#### WHAT YOU NEED TO DO:
Write again exactly the lines in the listing below, starting at the line with "Hardware: Gold-tone accents" and ending at the line with "Как сообщается в", both included. Pictures are not copied.

#### DATA SHOWN:
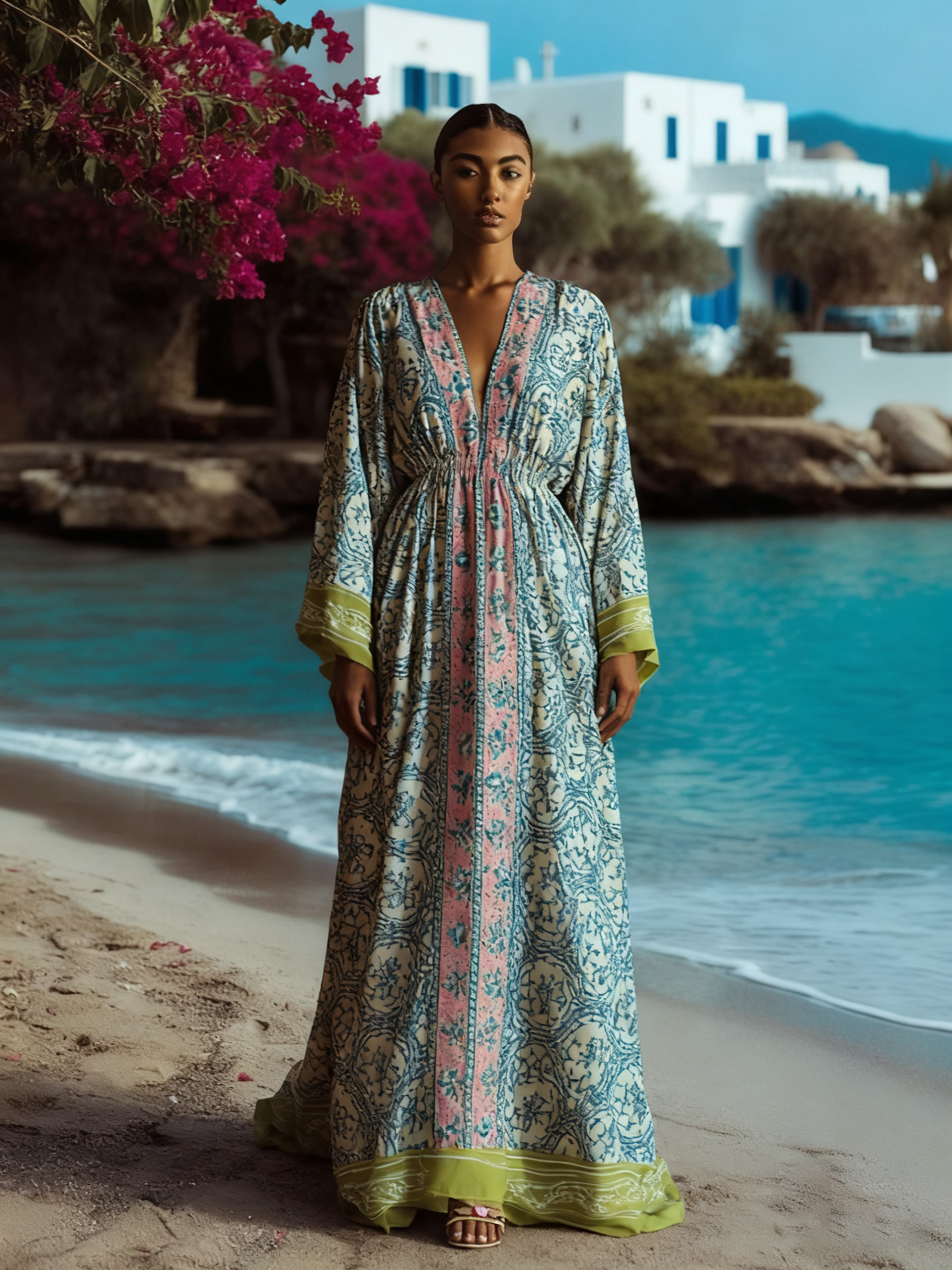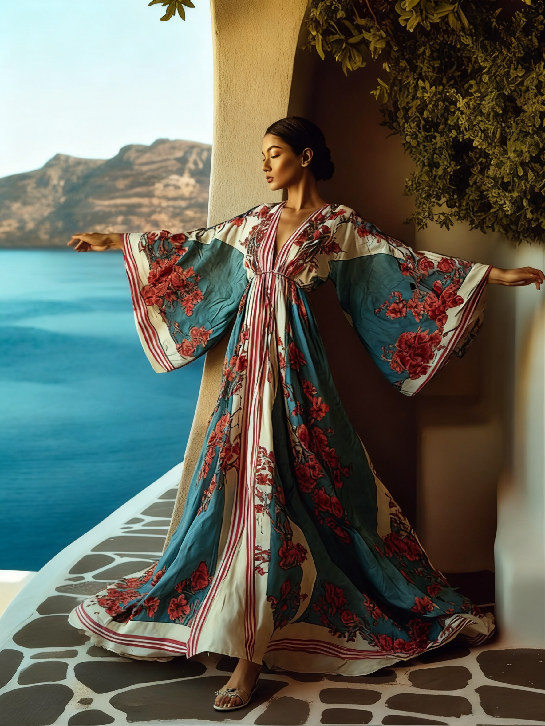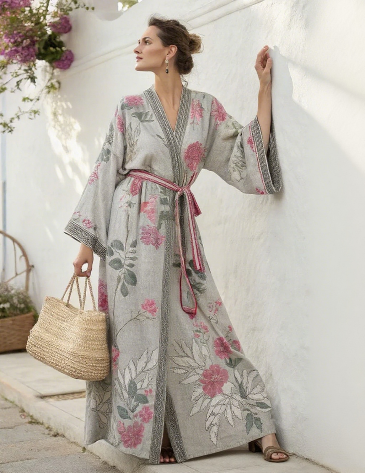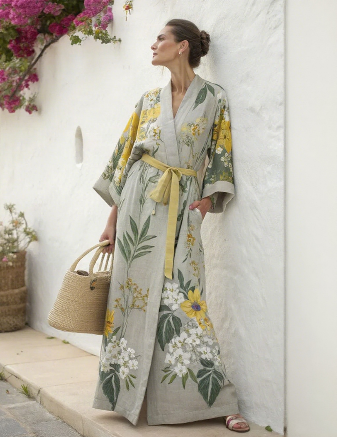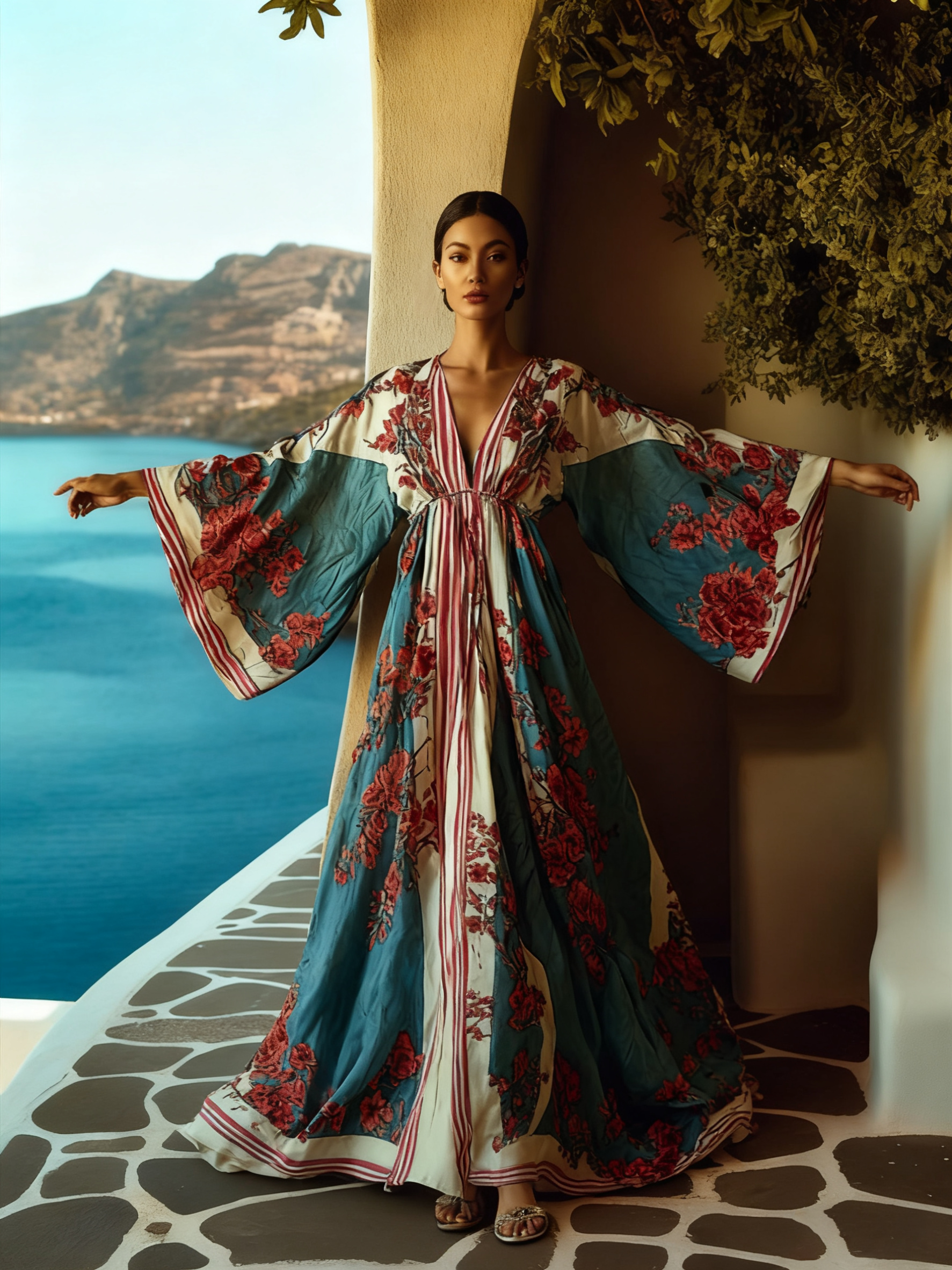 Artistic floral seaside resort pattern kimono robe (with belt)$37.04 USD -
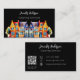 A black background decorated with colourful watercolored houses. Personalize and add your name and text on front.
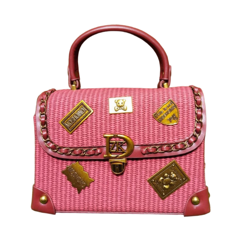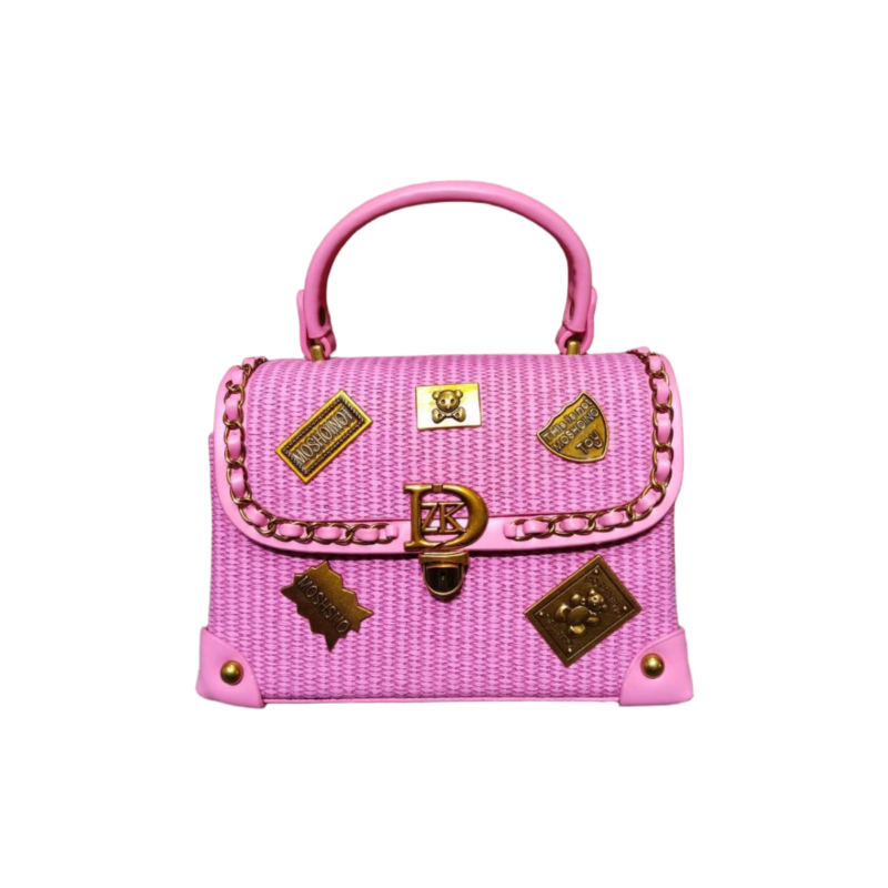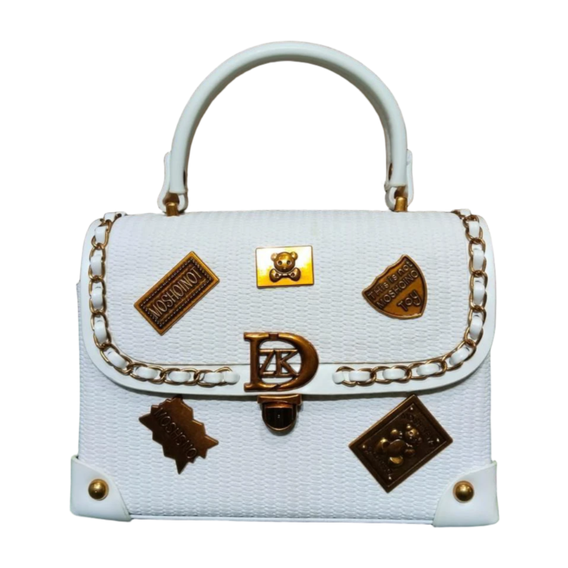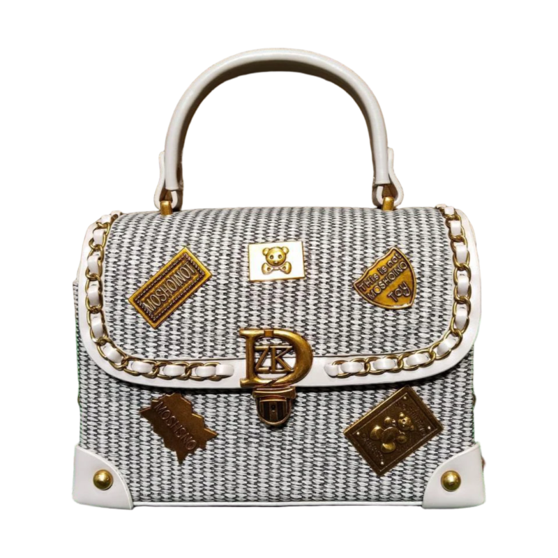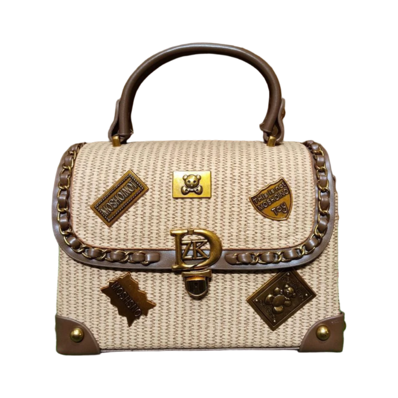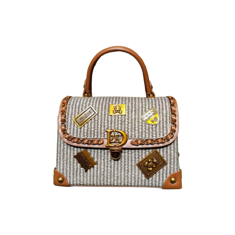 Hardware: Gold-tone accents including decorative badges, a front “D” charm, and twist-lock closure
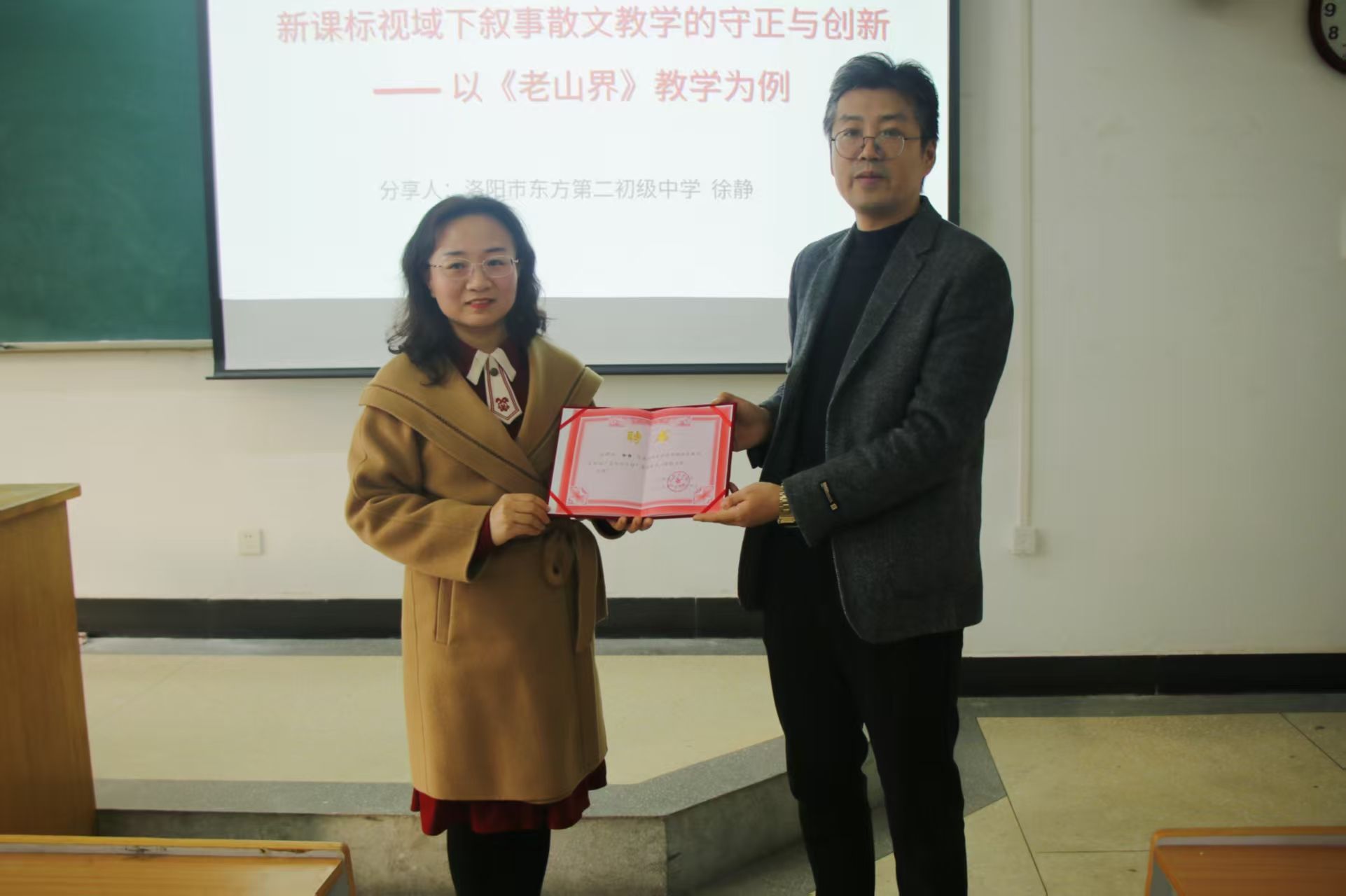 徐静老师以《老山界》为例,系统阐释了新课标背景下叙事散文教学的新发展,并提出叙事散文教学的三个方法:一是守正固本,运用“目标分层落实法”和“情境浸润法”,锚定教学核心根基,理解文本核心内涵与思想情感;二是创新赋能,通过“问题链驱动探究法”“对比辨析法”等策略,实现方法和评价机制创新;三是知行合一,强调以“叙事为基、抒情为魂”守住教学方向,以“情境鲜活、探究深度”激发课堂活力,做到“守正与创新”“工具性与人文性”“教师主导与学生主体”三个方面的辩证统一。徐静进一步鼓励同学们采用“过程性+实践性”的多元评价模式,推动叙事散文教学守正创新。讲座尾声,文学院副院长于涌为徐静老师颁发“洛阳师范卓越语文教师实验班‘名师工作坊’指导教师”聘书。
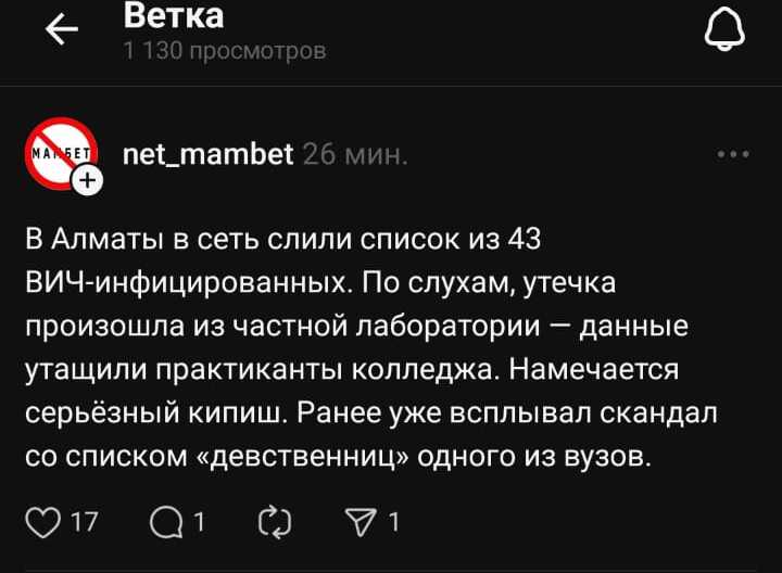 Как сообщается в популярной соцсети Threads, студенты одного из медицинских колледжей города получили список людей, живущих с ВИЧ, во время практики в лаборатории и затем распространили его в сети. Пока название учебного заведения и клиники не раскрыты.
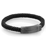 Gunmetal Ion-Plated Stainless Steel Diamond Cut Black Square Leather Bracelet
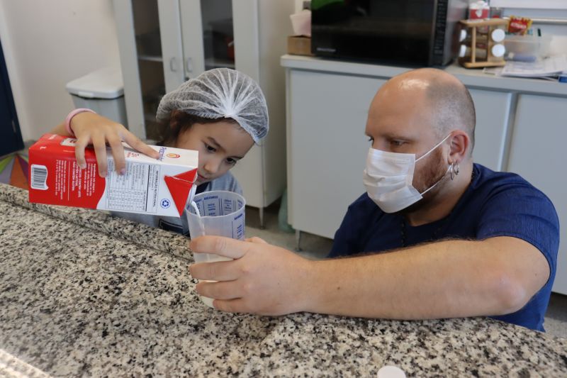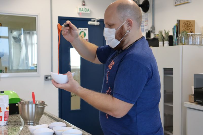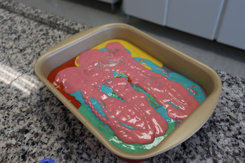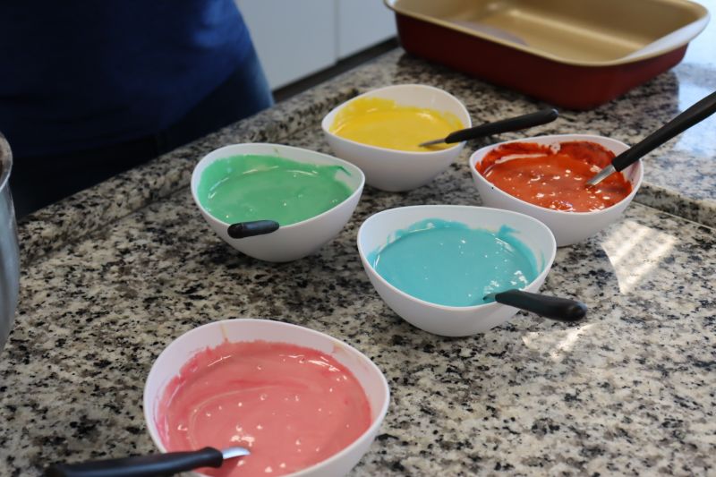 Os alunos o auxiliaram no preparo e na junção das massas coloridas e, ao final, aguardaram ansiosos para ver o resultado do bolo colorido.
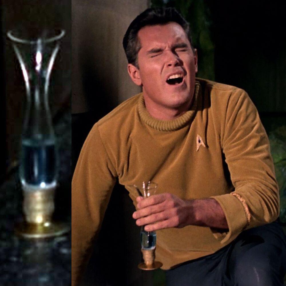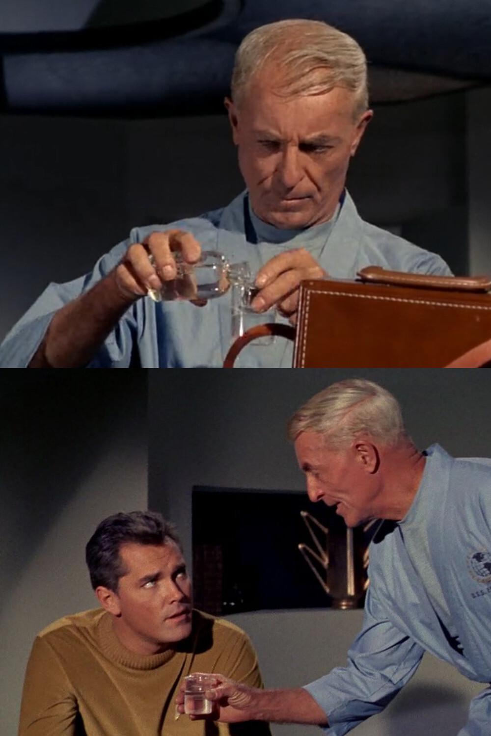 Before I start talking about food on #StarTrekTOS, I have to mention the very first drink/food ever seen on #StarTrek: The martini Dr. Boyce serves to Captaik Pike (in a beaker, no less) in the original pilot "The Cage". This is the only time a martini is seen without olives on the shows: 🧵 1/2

#### EXERCISE SOLUTION:
 Hardware: Gold-tone accents including decorative badges, a front “D” charm, and twist-lock closure
 徐静老师以《老山界》为例,系统阐释了新课标背景下叙事散文教学的新发展,并提出叙事散文教学的三个方法:一是守正固本,运用“目标分层落实法”和“情境浸润法”,锚定教学核心根基,理解文本核心内涵与思想情感;二是创新赋能,通过“问题链驱动探究法”“对比辨析法”等策略,实现方法和评价机制创新;三是知行合一,强调以“叙事为基、抒情为魂”守住教学方向,以“情境鲜活、探究深度”激发课堂活力,做到“守正与创新”“工具性与人文性”“教师主导与学生主体”三个方面的辩证统一。徐静进一步鼓励同学们采用“过程性+实践性”的多元评价模式,推动叙事散文教学守正创新。讲座尾声,文学院副院长于涌为徐静老师颁发“洛阳师范卓越语文教师实验班‘名师工作坊’指导教师”聘书。
 Как сообщается в популярной соцсети Threads, студенты одного из медицинских колледжей города получили список людей, живущих с ВИЧ, во время практики в лаборатории и затем распространили его в сети. Пока название учебного заведения и клиники не раскрыты.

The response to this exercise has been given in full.